==== Provided data ====

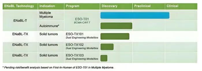 EsoBiotec 主打体内细胞疗法,核心为 ENaBL 平台——用高靶向慢病毒把基因指令直接送进特定免疫细胞,兼顾肿瘤与免疫疾病。其头牌产品 ESO-T01,通过体内重编程 T 细胞去攻击 BCMA,用于多发性骨髓瘤。最新 I 期数据:4 例患者全部响应,其中 2 例完全缓解;不良反应以 CRS 及血液毒性为主。
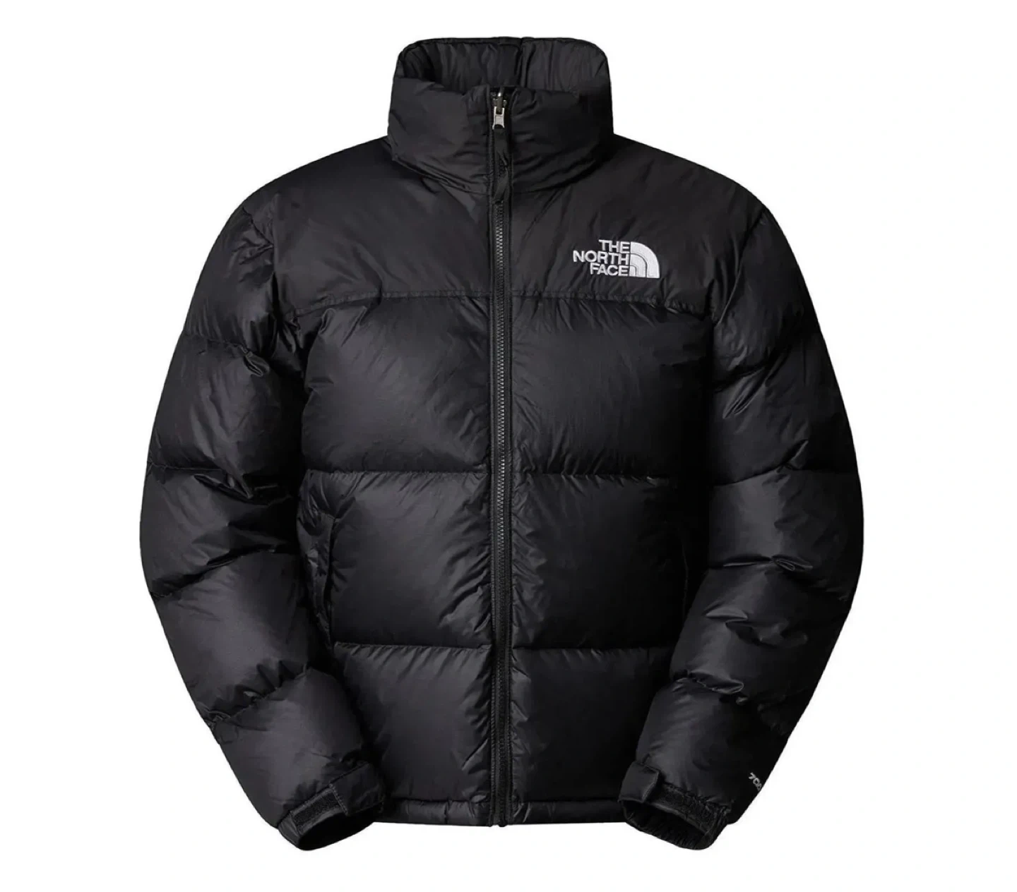 This is a black puffer jacket from The North Face. It features a high collar and a full-zip front. The jacket is insulated for warmth. It's a classic style for staying cozy in the cold!
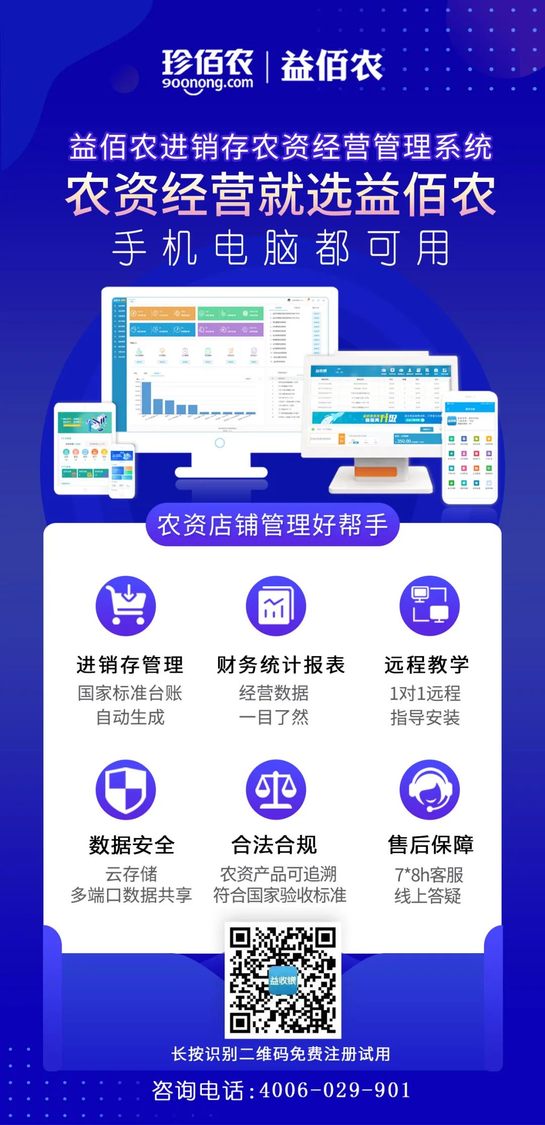 益佰农是一款集农药、种子、肥料、饲料、兽药于一体的农资进销存管理系统,包括ERP后台管理系统、益收银门店收银系统(电脑端)、益收银APP(手机端)、益收银(POS机端)、益老板多店铺管理系统等多端口系统应用,专为农资经销商、零售商、连锁店铺开发。
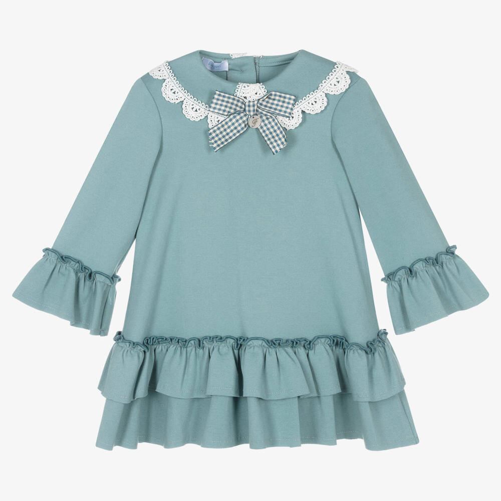 Beautifully combining comfort and style, a Milano jersey Foque dress for girls is in a lovely duck egg blue shade. Soft and stretchy, this easy-to-wear style has a rounded collar with white lace edging and pretty ruffle trims. Fastening with buttons on the back, it has a checked bow and logo charm on the front to complete the look.
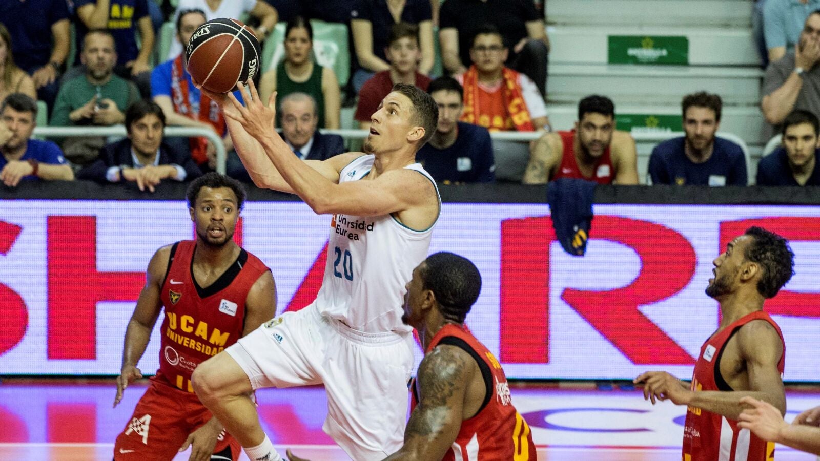 El equipo de Laso no fue capaz de aprovechar la inercia de verse arriba casi desde el comienzo y a siete minutos de la conclusión el choque estaba empatado a 51. Dos minutos después un triple de Vítor Benite ponía al UCAM CB por delante mucho tiempo después (54-53).
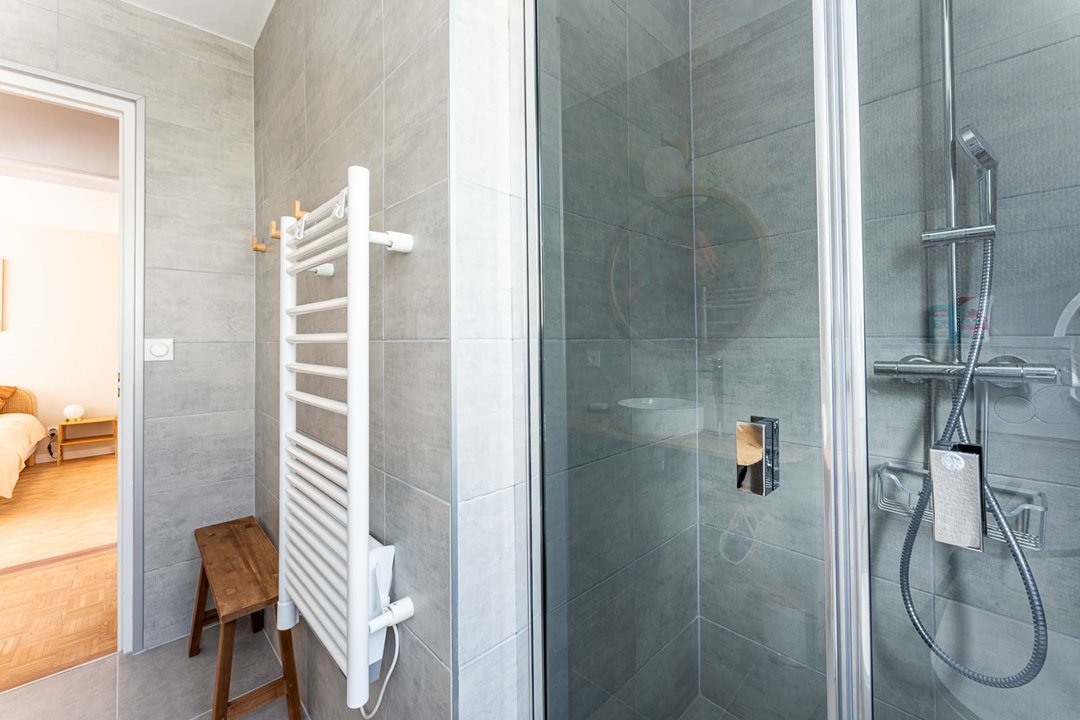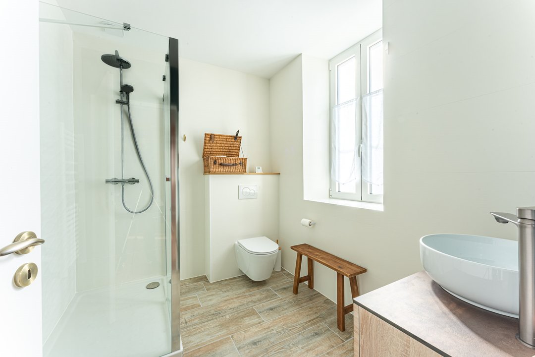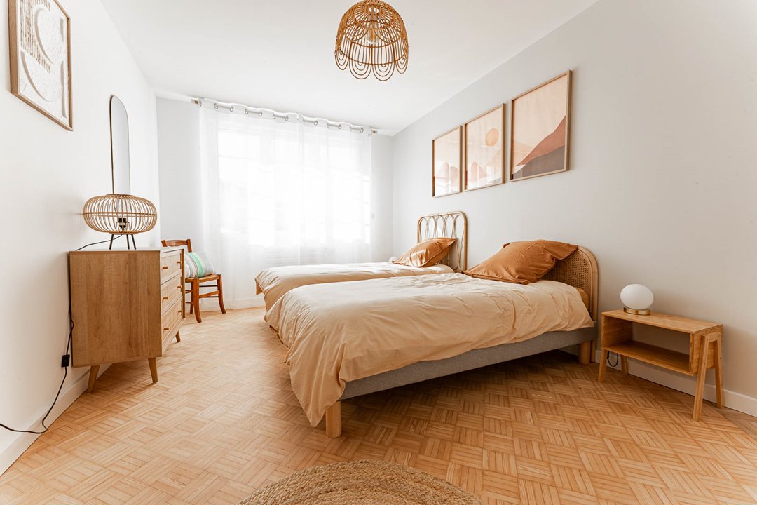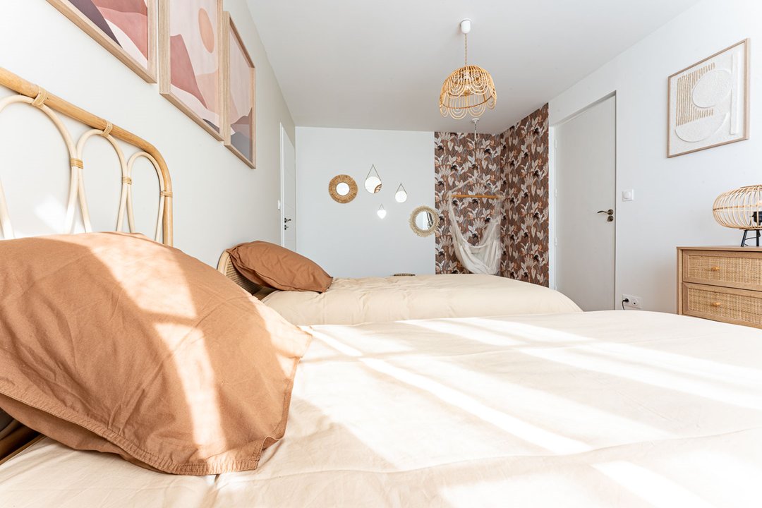 Upstairs, there are three bedrooms, including a master suite with a bathroom with a double bed (160 cm), a bedroom with 2 single beds (90 cm) and a bedroom with 1 double bed (160 cm). cm). A separate bathroom with toilet is also at your disposal.

====

# Task objective
Starting at the line that holds "Beautifully combining comfort", write out every remaining line of the material above exactly as it appears. Pictures should not be copied.

# Exercise answer
 Beautifully combining comfort and style, a Milano jersey Foque dress for girls is in a lovely duck egg blue shade. Soft and stretchy, this easy-to-wear style has a rounded collar with white lace edging and pretty ruffle trims. Fastening with buttons on the back, it has a checked bow and logo charm on the front to complete the look.
 El equipo de Laso no fue capaz de aprovechar la inercia de verse arriba casi desde el comienzo y a siete minutos de la conclusión el choque estaba empatado a 51. Dos minutos después un triple de Vítor Benite ponía al UCAM CB por delante mucho tiempo después (54-53).
 Upstairs, there are three bedrooms, including a master suite with a bathroom with a double bed (160 cm), a bedroom with 2 single beds (90 cm) and a bedroom with 1 double bed (160 cm). cm). A separate bathroom with toilet is also at your disposal.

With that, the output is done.